● **Exercise goal**
Output only the lines below from the one holding "Por otro, se" down to the one holding "PERBAN Nomor 22", both end lines included and every picture dropped.

● **Supplied material**
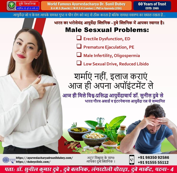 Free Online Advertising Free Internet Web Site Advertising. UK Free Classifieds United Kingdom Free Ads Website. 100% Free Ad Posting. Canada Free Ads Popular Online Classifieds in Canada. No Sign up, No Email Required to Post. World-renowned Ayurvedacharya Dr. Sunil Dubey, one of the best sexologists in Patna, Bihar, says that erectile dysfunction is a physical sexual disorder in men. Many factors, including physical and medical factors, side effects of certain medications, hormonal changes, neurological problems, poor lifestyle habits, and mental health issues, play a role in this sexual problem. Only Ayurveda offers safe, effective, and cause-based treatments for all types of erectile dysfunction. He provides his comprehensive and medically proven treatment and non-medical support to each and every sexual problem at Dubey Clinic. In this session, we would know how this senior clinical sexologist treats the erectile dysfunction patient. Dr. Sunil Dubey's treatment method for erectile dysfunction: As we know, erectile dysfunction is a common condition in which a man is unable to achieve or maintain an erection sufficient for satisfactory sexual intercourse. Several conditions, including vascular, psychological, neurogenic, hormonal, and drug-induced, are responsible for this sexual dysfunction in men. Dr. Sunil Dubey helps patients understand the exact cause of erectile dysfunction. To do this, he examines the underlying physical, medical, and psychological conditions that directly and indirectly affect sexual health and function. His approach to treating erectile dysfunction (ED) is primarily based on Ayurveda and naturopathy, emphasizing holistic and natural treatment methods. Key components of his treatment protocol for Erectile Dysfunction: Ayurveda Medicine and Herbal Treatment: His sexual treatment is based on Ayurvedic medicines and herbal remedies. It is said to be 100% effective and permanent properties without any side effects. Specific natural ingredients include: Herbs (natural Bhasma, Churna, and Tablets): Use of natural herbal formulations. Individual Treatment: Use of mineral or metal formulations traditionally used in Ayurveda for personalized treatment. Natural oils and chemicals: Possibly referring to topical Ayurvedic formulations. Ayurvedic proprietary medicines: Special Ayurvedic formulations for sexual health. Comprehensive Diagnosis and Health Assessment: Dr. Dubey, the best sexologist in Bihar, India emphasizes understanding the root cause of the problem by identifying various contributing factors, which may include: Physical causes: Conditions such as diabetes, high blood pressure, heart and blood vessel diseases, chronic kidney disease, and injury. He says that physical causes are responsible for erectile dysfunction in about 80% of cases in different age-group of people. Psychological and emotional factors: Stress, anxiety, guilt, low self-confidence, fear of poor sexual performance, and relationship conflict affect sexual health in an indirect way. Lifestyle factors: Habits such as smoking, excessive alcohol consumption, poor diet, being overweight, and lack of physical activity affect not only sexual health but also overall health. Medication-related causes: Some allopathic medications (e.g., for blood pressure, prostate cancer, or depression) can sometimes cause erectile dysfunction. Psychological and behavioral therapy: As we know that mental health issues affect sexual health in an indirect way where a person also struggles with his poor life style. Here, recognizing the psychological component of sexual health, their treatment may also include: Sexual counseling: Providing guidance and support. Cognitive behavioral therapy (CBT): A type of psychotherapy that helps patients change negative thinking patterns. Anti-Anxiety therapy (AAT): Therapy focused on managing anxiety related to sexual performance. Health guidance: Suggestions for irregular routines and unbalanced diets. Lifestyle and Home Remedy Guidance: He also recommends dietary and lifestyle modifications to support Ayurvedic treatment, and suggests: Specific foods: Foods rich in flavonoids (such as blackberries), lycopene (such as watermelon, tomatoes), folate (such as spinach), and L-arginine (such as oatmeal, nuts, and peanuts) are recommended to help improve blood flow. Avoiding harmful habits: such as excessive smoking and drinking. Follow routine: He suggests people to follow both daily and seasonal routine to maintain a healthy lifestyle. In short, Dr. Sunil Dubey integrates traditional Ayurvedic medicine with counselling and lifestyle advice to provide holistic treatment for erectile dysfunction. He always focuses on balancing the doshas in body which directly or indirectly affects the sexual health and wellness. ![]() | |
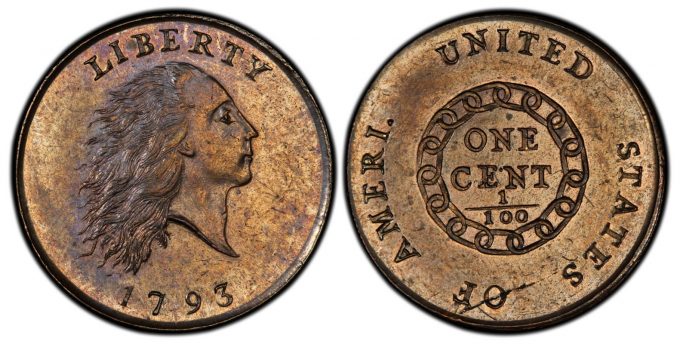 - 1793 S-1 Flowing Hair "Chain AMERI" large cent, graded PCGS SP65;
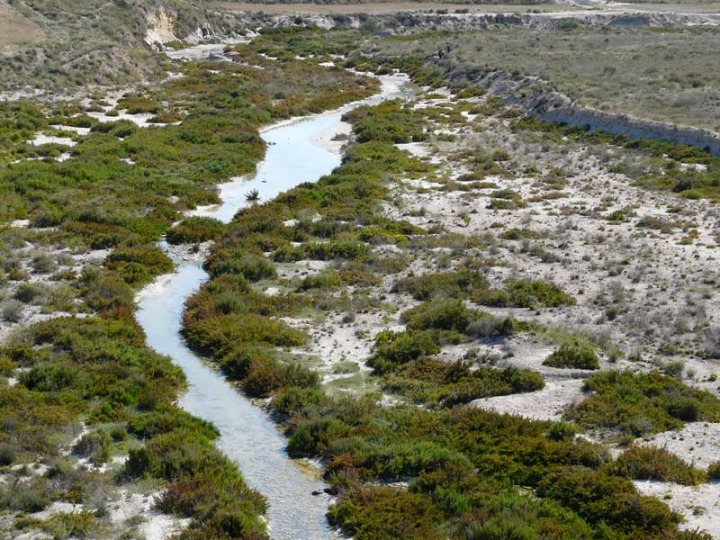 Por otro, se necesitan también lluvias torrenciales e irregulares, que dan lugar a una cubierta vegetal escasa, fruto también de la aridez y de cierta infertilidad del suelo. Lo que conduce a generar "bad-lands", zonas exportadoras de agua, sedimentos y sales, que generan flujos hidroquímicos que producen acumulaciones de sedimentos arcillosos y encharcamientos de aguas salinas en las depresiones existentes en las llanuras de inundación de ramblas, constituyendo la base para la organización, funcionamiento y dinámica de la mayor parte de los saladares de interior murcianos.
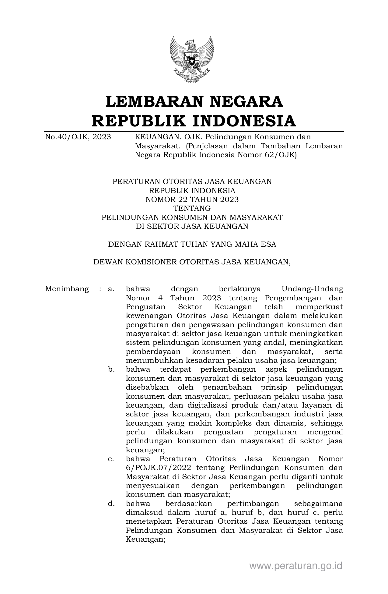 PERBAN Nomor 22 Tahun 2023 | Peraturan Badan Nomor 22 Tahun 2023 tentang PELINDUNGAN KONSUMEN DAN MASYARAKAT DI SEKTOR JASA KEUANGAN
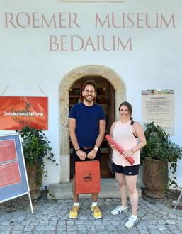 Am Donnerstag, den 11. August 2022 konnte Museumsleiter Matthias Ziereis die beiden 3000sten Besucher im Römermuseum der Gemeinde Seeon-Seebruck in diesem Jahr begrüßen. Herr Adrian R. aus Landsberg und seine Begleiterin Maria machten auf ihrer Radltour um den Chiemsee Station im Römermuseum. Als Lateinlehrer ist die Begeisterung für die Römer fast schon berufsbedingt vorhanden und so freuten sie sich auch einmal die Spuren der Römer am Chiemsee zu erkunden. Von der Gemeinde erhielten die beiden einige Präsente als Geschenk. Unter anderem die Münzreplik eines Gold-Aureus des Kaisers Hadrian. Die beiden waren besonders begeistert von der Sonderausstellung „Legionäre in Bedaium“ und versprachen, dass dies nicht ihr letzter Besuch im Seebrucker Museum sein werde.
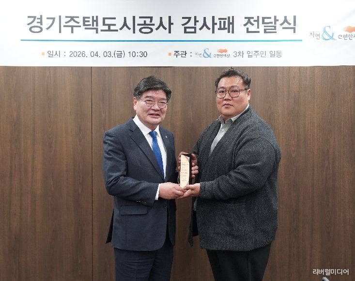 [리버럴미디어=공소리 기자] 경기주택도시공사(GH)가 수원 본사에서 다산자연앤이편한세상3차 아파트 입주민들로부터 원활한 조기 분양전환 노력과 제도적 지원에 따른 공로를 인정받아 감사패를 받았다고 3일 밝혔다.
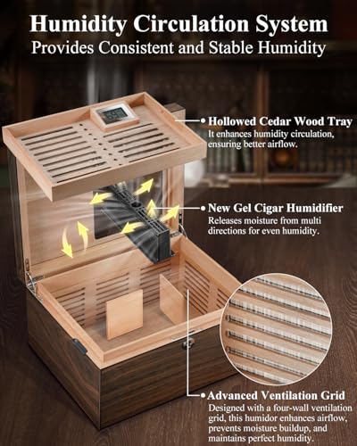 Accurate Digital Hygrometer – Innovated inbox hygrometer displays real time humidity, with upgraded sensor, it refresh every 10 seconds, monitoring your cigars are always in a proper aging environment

● **Written response**
 Por otro, se necesitan también lluvias torrenciales e irregulares, que dan lugar a una cubierta vegetal escasa, fruto también de la aridez y de cierta infertilidad del suelo. Lo que conduce a generar "bad-lands", zonas exportadoras de agua, sedimentos y sales, que generan flujos hidroquímicos que producen acumulaciones de sedimentos arcillosos y encharcamientos de aguas salinas en las depresiones existentes en las llanuras de inundación de ramblas, constituyendo la base para la organización, funcionamiento y dinámica de la mayor parte de los saladares de interior murcianos.
 PERBAN Nomor 22 Tahun 2023 | Peraturan Badan Nomor 22 Tahun 2023 tentang PELINDUNGAN KONSUMEN DAN MASYARAKAT DI SEKTOR JASA KEUANGAN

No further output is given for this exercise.